**What you will do**
Each line in the material below, starting at the one that contains "2. Year-on-Year Comparison" and ending at the one that contains "2017年9月22日16:2", should be repeated exactly; the pictures should not.

START Source records

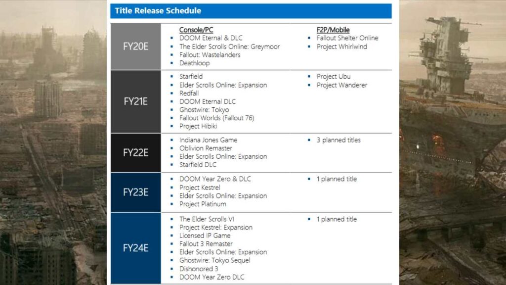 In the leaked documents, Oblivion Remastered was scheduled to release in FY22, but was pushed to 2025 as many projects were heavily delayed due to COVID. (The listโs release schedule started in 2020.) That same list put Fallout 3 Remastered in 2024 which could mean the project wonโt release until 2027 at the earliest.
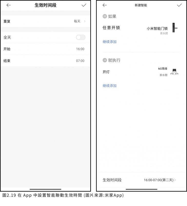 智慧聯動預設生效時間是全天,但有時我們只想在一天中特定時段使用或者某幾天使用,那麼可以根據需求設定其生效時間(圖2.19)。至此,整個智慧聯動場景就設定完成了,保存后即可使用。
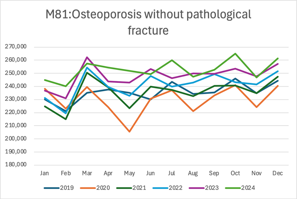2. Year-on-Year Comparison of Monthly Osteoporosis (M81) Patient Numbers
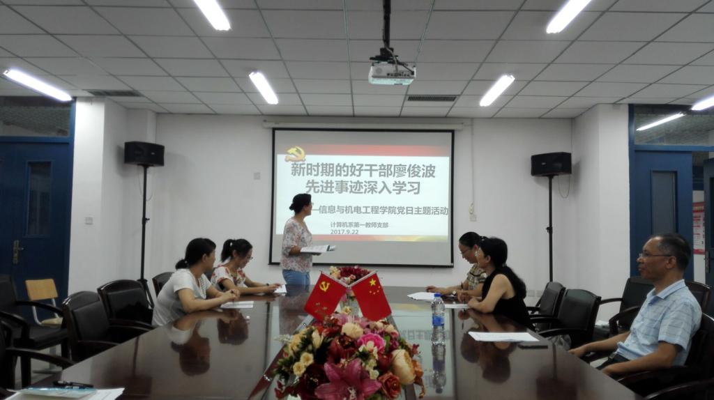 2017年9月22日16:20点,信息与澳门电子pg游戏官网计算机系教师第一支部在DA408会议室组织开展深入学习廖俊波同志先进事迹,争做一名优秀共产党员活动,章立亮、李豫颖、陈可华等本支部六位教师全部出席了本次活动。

END Source records
START Source records

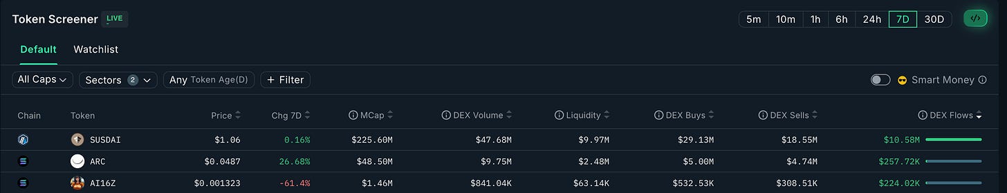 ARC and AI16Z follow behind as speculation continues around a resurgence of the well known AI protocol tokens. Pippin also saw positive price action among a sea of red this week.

END Source records

**Answer section**
2. Year-on-Year Comparison of Monthly Osteoporosis (M81) Patient Numbers
 2017年9月22日16:20点,信息与澳门电子pg游戏官网计算机系教师第一支部在DA408会议室组织开展深入学习廖俊波同志先进事迹,争做一名优秀共产党员活动,章立亮、李豫颖、陈可华等本支部六位教师全部出席了本次活动。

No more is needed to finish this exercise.